Rate is another word for the speed of an object. Rate tells us the distance that an object is traveling in a given amount of time. The formula \begin{align*}D=rt\end{align*} shows the relationship between Distance, rate, and time.

### Guided Practice

Use the \begin{align*}\textbf{D= \textit{rt}}\end{align*} formula to solve these problems. Show your steps.

1. One of the fastest swimmers swam 100 yards at the rate of 6.65 feet per second. How long did it take the swimmer to swim the 100 yards?

2. A hard hit table tennis ball can travel the length of the 9 foot table in 0.075 second. At that speed, how far would the table tennis ball travel in one second?

3. In 0.3 second, a well hit volley ball can travel 59 feet, the length of a volley ball court. How far could a hard hit volleyball travel in one second?

\begin{align*}D&= rt\\ 100 \ yards &= 300 \ ft\\ 300 \ ft &= 6.65 \ ft/sec \times \textbf{\textit{t}}\\ \frac{300 \ ft}{6.65 \ ft/sec} &= \textbf{\textit{t}}\\ 45.11 \ sec &= t\end{align*}

2. 120 ft/sec.

\begin{align*}D&= rt\\ 9 \ ft &= \textbf{\textit{r}} \times 0.075 \ sec\\ \frac{9 \ ft}{0.075 \ sec} & = \textbf{\textit{r}}\\ 120 \ ft/sec &= \textbf{\textit{r}}\end{align*}

3. 196.7 ft/sec

\begin{align*}D&= rt\\ 59 \ ft &= \textbf{\textit{r}} \times 0.3 \ sec\\ \frac{59 \ ft}{0.3 \ sec} &= \textbf{\textit{r}}\\ 196.7 \ ft/sec &= \textbf{\textit{r}}\end{align*}

### Practice

Use the \begin{align*}\textbf{D= \textit{rt}}\end{align*} formula to solve these problems. Show your steps.

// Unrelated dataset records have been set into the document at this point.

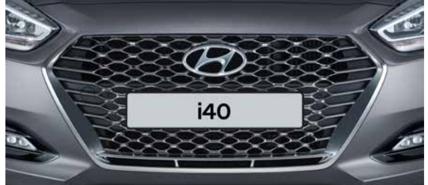
Kühlergrill im neuen Design – Chrom 1
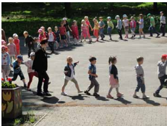
Dzieci z Publicznego Przedszkola nr 1 w Goczałkowicach-Zdroju.
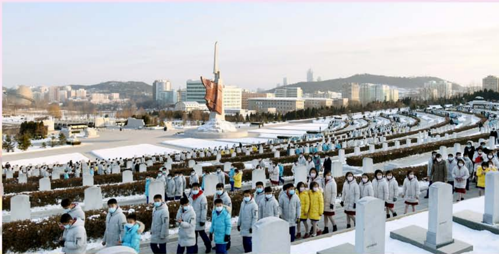
朝鲜少年团第九次代表大会代表参观祖国解放战争烈士陵园和科学技术殿堂。
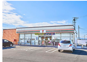
セブンイレブン近江八幡池田本町店 徒歩 25 ～ 27 分
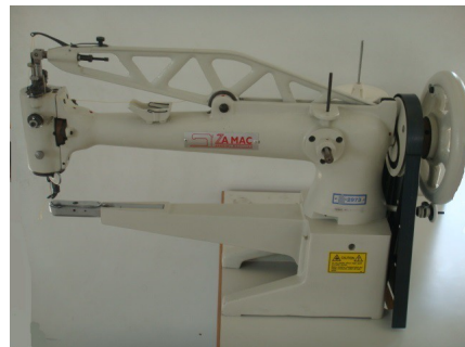
2973 cylinder cm. 44
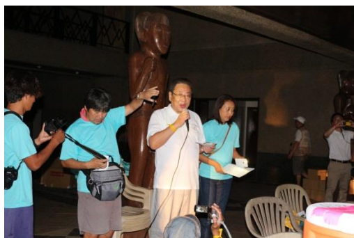
開始にあたってあいさつを行う石垣副知事

三重県訪問団とパラオ国民との交流事業の一つとして、参加者の環境保護意識の向上及び健康増進に資するとともに、三重県とパラオ共和国との友好関係の深化を目的に、交流・クリーンアップ活動イベントを実施しました。パラオ国民やパラオ在住日本人等約 180 名が参加し、4 つのコースに分かれて道路や海岸のごみ拾いを行いながらウォーキングをし、参加者には記念品として友好提携 20 周年をアピールするオリジナル T シャツを配布しました。ウォークソン終了後は、水分補給等を行いながら、参加者同士で交流を深めました。
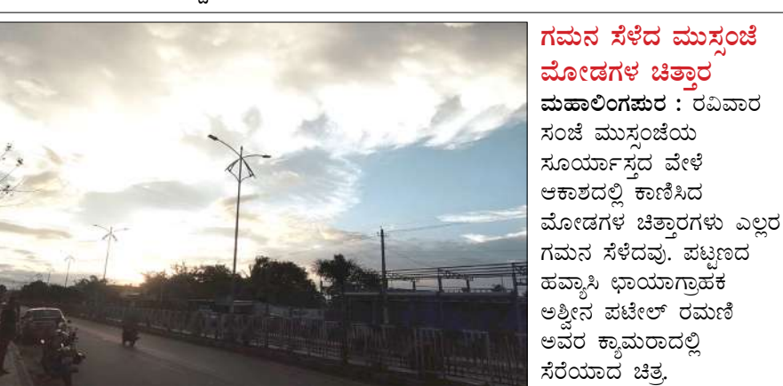
ಗಮನ ಸೆಳೆದ ಮುಸ್ಸಂಚಿ ಮೋಡಗಳ ಚಿತ್ರಾರ ಮಹಾಲಿಂಗಪುರ : ರವಿವಾರ ಸಂಜೆ ಮುಸ್ಸಂಚಿಯ ಸೂರ್ಯಾಸ್ತದ ವೇಳೆ ಆಕಾಶದಲ್ಲಿ ಕಾಣಿಸಿದ ಮೋಡಗಳ ಚಿತ್ರಾರಗಳು ಎಲ್ಲರ ಗಮನ ಸೆಳೆದವು.
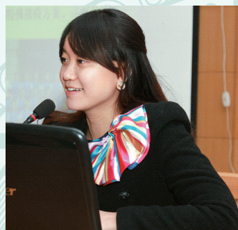
何乐思做学术报告。
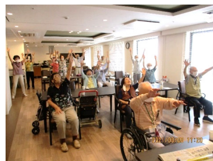
毎日の体操 (午前中に各フロアで実施)

人生には様々あり、考え方もそれぞれ違いますが、CVK は、PPK (ピンピンコロリ) で最期を迎えるのは幸せの形の1つと考えています。ず〜っと楽しく元気に生活し、寝込むのは2週間くらい。この位の時間が取れば、ご家族様の心の整理もつきますし、遠方の親族の方にも会うことができます。また、ご家族の負担もあまりかからず、何よりご本人様も長く苦しまない。ですので、CVK はご入居者様に楽しく元気に過ごしていただきたいと考えています。ホームに入ったら、あまり楽しみがない。のではなく、ホーム入居したからこそ楽しみが増えた。そう言っただけのよう様々な取組みをおこなっています。
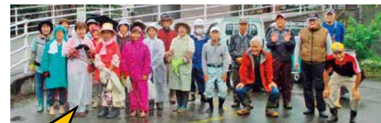
ボランティアに参加した会員

シルバー事業普及啓発促進月間に合わせて、小雨が降る中、会員22人と事務局職員3人が参加して、旧吾川中グラウンド周辺の草刈りと松の木剪定、校舎下の公園の草刈りのボランティア活動を実施しました。この活動は、平成18年にシルバー人材センターが発足してから毎年実施しています。
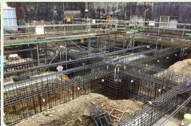
3工区 基礎配筋・圧接状況

1. A swimmer swims 150 yards at the rate of 2.8 feet per second. How long did it take the swimmer to swim the 150 yards?
2. A baseball travels 80 mph. At that speed, how far would it travel in three seconds? Determine your answer in feet.
3. In 3.3 seconds, a volleyball travels 100 feet. At that rate, how far did it travel in 1 second?
4. A plane travels at 550mph. How long does it take to go 3300 miles?
5. A biker rides 25 miles in 200 minutes. What is his speed in miles per hour?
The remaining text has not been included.